Шрифт:
Интервал:
Закладка:
Она не может признаться даже мысленно.
Наверное, это к лучшему.
— Я совершенно ничего к тебе не чувствую.
Уэнсдэй возвращается в академию поздним вечером.
В ушах упорно продолжают звенеть его слова — Ксавье чудовищно долго не позволял ей уйти.
Кричал, захлебываясь слезами, уже привычные отрывистые фразы о том, что она не может так поступить.
Умолял остаться, покрывая лихорадочными поцелуями её бледные дрожащие пальцы и бессвязно шепча что-то о всепоглощающей силе собственной любви.
С отчаянием утопающего цеплялся за её рубашку, не позволяя одеться — и она панически-поспешно натянула только джемпер и джинсы.
И просто-напросто сбежала, оставив в палате большую часть своих вещей.
И значительную часть своего сердца.
Синклер, сидящая за ноутбуком на своей тошнотворно-розовой половине комнаты, встречает её взглядом, полным тревоги.
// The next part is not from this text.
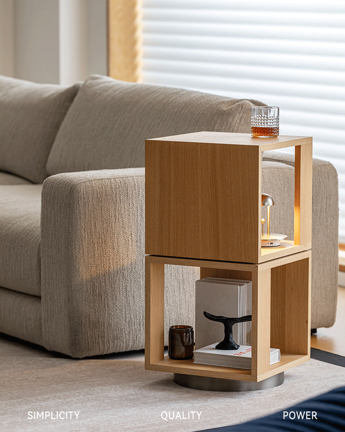 Minimalist Ash Wood Veneer Revolving Side Table AXEL features a smooth rotating top warm ash wood tones and a compact design that brings flexible everyday convenience to modern living spaces.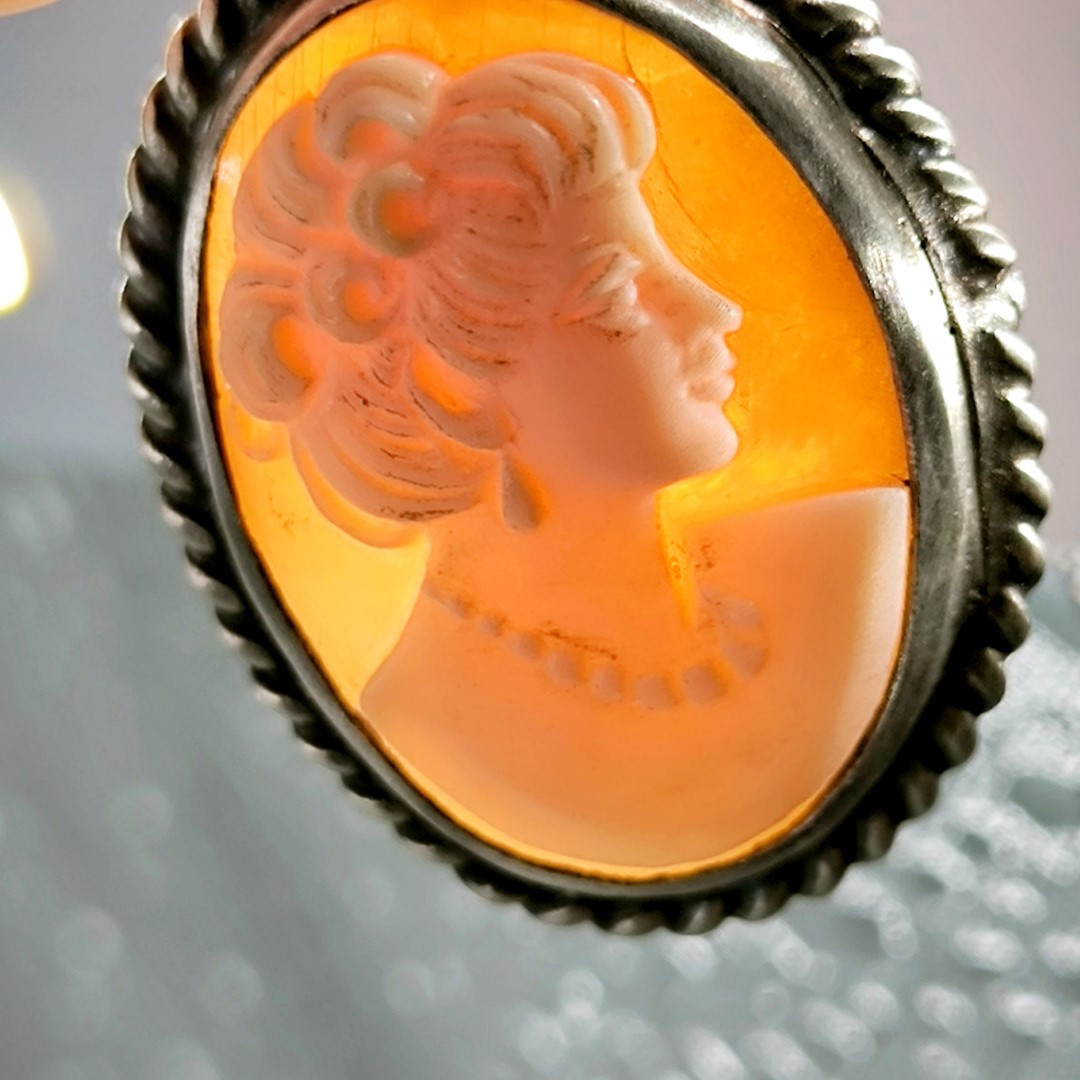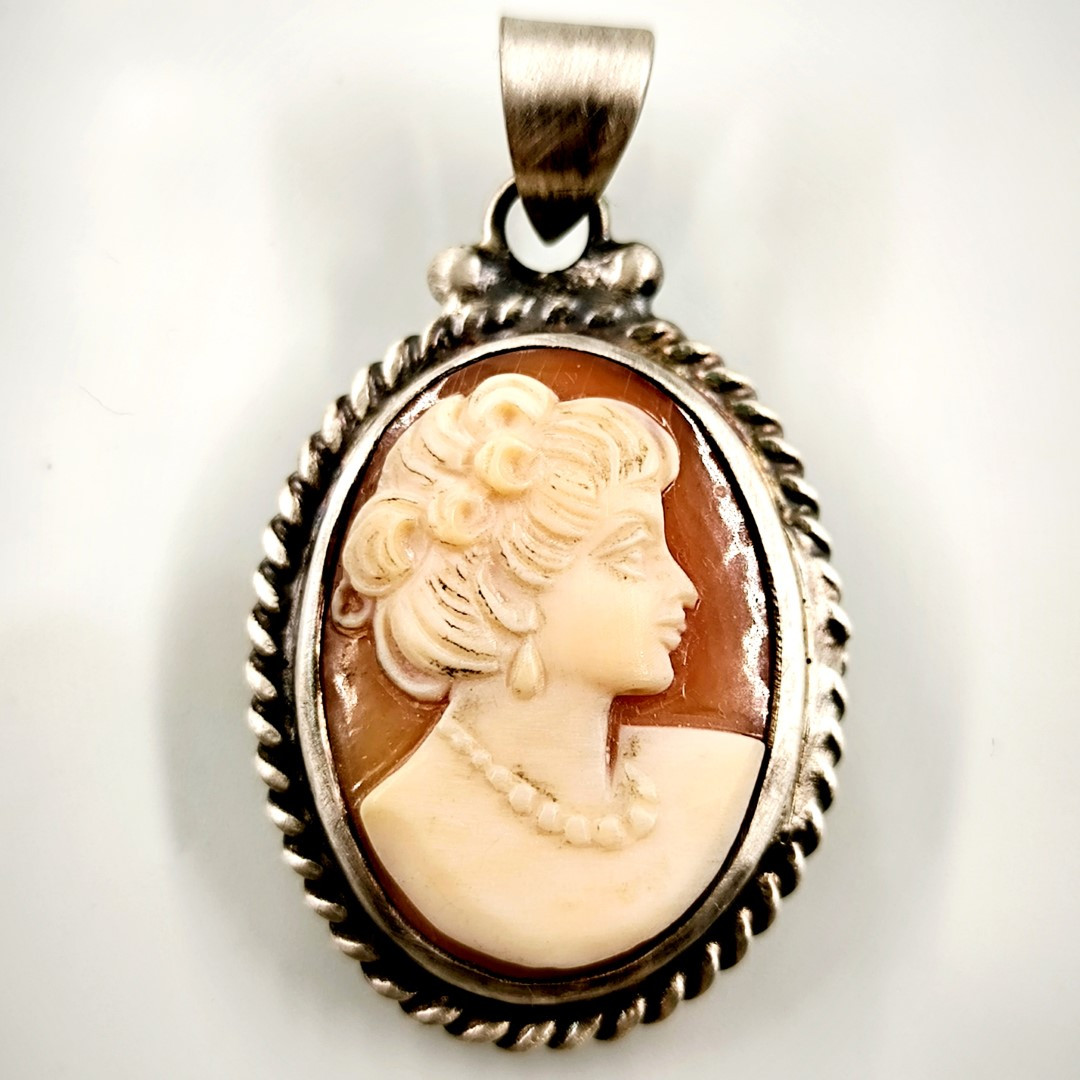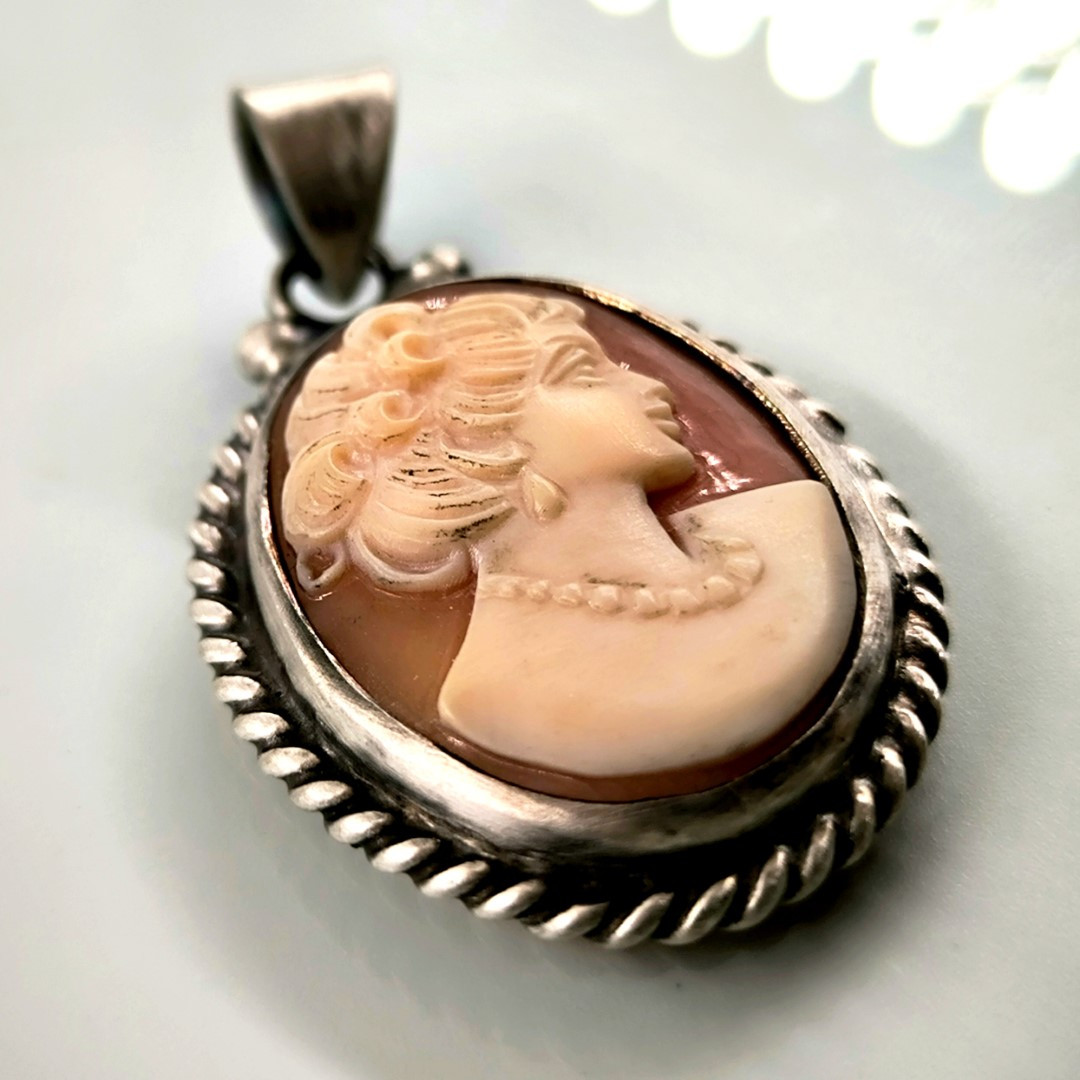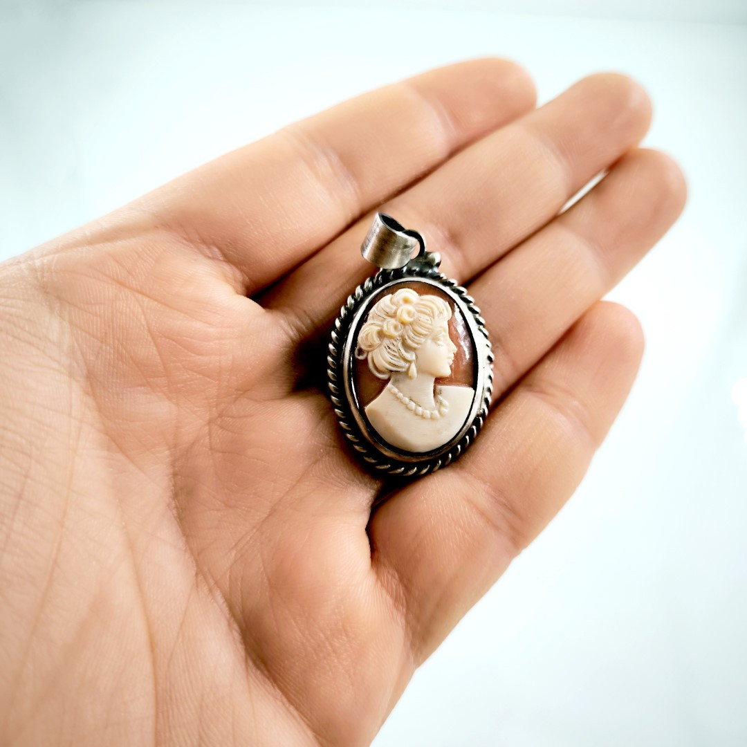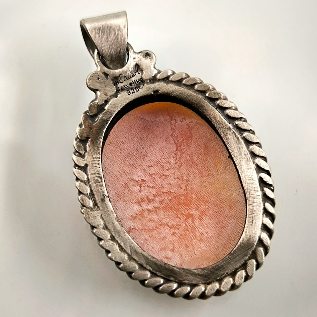 Eşsiz bir Antika Cameo mücevher ! Deniz kabuğu Üzerine "LEYDİ" rölyefi çalışılmış Avrupa yapımı Çerçevesi kendi tasarımımız olan Gümüş eskitme cameo kolyemiz! ( 4.2x2.5cm 8.2 Gr.)

— Где ты была? — обеспокоенно спрашивает блондинка.
— Энид… Завтра я уезжаю из Невермора. Навсегда.
***
Поначалу он звонит каждый день.
Уэнсдэй купила новый телефон в Джерико за пару часов до того, как села в семейный черный катафалк и, в последний раз окинув витиеватые ворота академии долгим немигающим взглядом, решительно кивнула Ларчу.
Она оставила свой номер одной только Энид, взяв с той клятвенное обещание на мизинце никому больше его не давать под страхом мучительной смерти.
Синклер не сдержала обещание.
Конечно, она не сдержала.
Глупо было на неё полагаться.
И теперь Ксавье звонит каждый день.
И заваливает сообщениями — сотнями длинных полотен из однообразных печатных букв, которые по всем законам логики не должны задевать за живое.
Но они задевают.
Настойчивая трель оповещений и звонков, бьющая по ушам с неизменной регулярностью, однажды заставляет Уэнсдэй забросить телефон в самый дальний угол чердака.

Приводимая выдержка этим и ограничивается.